If you follow any form of tech news, you may have seen that on March 10th past midnight, a fire broke out inside a France-based datacenter of one of the most globally recognised cloud hosting providers OVH.
After OVH staff were called onsite to assess the situation, they left the building after deeming it too dangerous to enter. Firefighters were on the scene immediately but despite their efforts to control the blaze and deploying a water pumping boat, the entirety of one of the main buildings called SBG2 was destroyed including the servers and the data they held. Some servers in a close building, SBG1 were also damaged/destroyed.
It is from my understanding that a majority of the customers affected were ones using dedicated servers and VPSes (Virtual Private Servers), including some enterprise organisations such as the French Government and Rust, a popular online game. Shared web hosting customers may have been affected, since power was shut off to the entire location, but it is unclear if any data has been lost by those customers. Typically, shared web hosting companies should be keeping offsite backups, it is normally only dedicated server (also called bare-metal) and VPS customers who are in charge of making sure they have a good backup solution.
I put out a post about why backups are important and I will likely put out another one about the different types of backups and servers soon.
So what went wrong and what can we learn?

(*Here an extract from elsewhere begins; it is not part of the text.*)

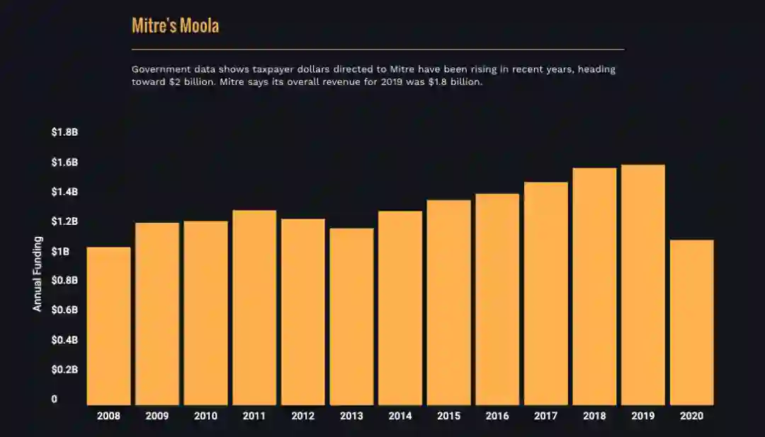 政府数据显示,最近几年,越来越多的纳税人资金流向了Mitre,大有接近20亿美元的趋势。Mitre回应说,2019年,公司的总收入为18亿美元。

After watching a video interview by the CEO of OVH, Octave Klaba, it is suspected that the fire could have possibly been caused by one of their UPSes (Uninterruptible Power Supplies). UPSes are a temporary power source used to provide continuous power to a building if the normal grid power is disrupted or cut. They can come in different types and sizes, commonly diesel generators or big batteries. It is not clear which type OVH was using, but firefighters apparently used a thermal imaging camera, immediately after arriving onsite, to try to identify the source. 2 of the UPSes, UPS7 and UPS8 were identified as being on fire. Furthermore, Klaba explained that the datacenter had some recent maintenance work performed, specifically to the UPSes the day before the fire. OVH’s status page confirms this, which leads to the suspicion of this being the culprit.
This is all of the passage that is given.